Today, the FPC is monitoring the activities of the industry and looking out for risks to financial stability. Specifically, they’re looking at:

  • Risks to systemic financial institutions
  • Risks to core financial markets
  • Risks to the ability to make payments
  • Risks to the real economy and balance sheets

“The FPC is of the view that as crypto-assets and DeFi grow and develop, enhanced regulatory and law enforcement frameworks are needed, both domestically and on a global level,” the Bank of England stated.

Elaborating, the FPC said that where the technology is performing an equivalent economic function to one in the traditional financial sector, this should take place within existing regulatory frameworks.” In other words, activities such as lending and borrowing will be subject to the same AML/KYC rules as the traditional sector, and anything like banking activity will be subject to the same rules around reserve requirements, customer protection, etc.

Now for the Financial Conduct Authority notice

On the same day that the Bank of England published its statement, the FCA published one of its own. The financial regulator issued a notice reminding all firms with exposure to “crypto-assets” of their existing obligations when interacting with or exposed to them.

What are those obligations? The FCA spelled out some of the risk areas that registered firms need to consider.

1. Being clear with customers. The FCA acknowledged that much of the activity in the industry still sits outside of its purview. Therefore, firms should be clear with customers about what is regulated and what is not. Take note, Bitpanda.

2. Financial Crime and registration of crypto-asset businesses. Firms must comply with Money Laundering, Terrorist Financing, and Transfer of Funds regulations (MLRs). This includes being registered with the FCA, having appropriate systems and controls, and assessing the risks.

3. Prudential considerations. The FCA pointed out that while there are no prudential treatments specific to digital currency assets, regulatory obligations still apply. This involves assessing and mitigating potential harm to clients, the markets the firm operates in, and to itself.

4. Custody considerations. All FCA-regulated firms agree to a set of principles. Principle 10 compels the firms to arrange adequate protection for clients’ assets.

Among other things, misleading customers, failing to prevent money laundering and terrorist financing, losing client assets, or exposing them to risk without a proper assessment will not be tolerated. And no, ignorance of the law is not a defense because plenty of guidance has been published about all of this.

More movement towards the new era of digital currencies and assets

As the statements of these two U.K. financial institutions show, and as we’ve been saying for years now, the cypherpunk-inspired ‘Wild West’ era of Bitcoin and digital currencies is over. Existing regulations already apply to exchanges, wallet providers, miners, and other ecosystem participants in most countries. Where gaps exist, new regulations are being signed into law at a pace that’s difficult to keep up with.

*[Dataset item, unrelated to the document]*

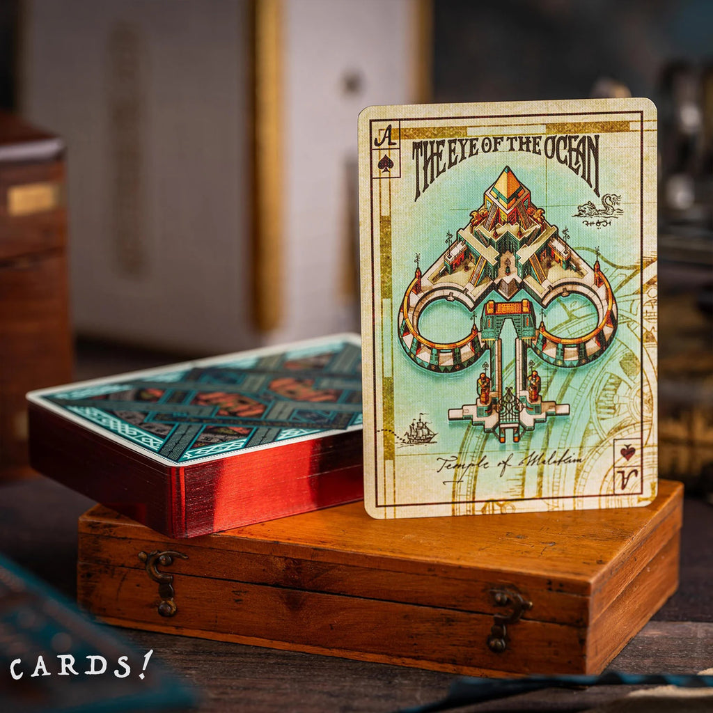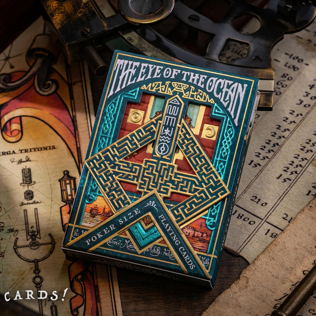 The Eye of the Ocean: Part II is the continuation of the archaeological adventure that began with the original series in 2021. This deck of cards showcases intricate designs inspired by the mysteries of the sea and celestial navigation. Featuring luxurious metallic foils, detailed illustrations, and an elegant fusion of antique maps, marine symbolism, and imaginative storytelling, each card is a work of art. Perfect for collectors and card enthusiasts, The Eye of the Ocean is more than just a deck—it's an immersive adventure wrapped in exquisite craftsmanship.

What does all of this mean? It means we’re entering a new era in which the crime and corruption that has largely characterized the industry will no longer be tolerated. Those with duties to prevent it will be held to account, and projects designed to facilitate law-breaking will be chased into the shadows and become increasingly insignificant.

As we enter this new transparent, regulated phase of the industry, the true potential of Bitcoin and blockchain technology will shine. While the industry “OG’s” will no doubt lament it, those of us who believe in the potential of Bitcoin to reduce financial crime, bring about increased economic efficiency, and unleash new industries will be celebrating.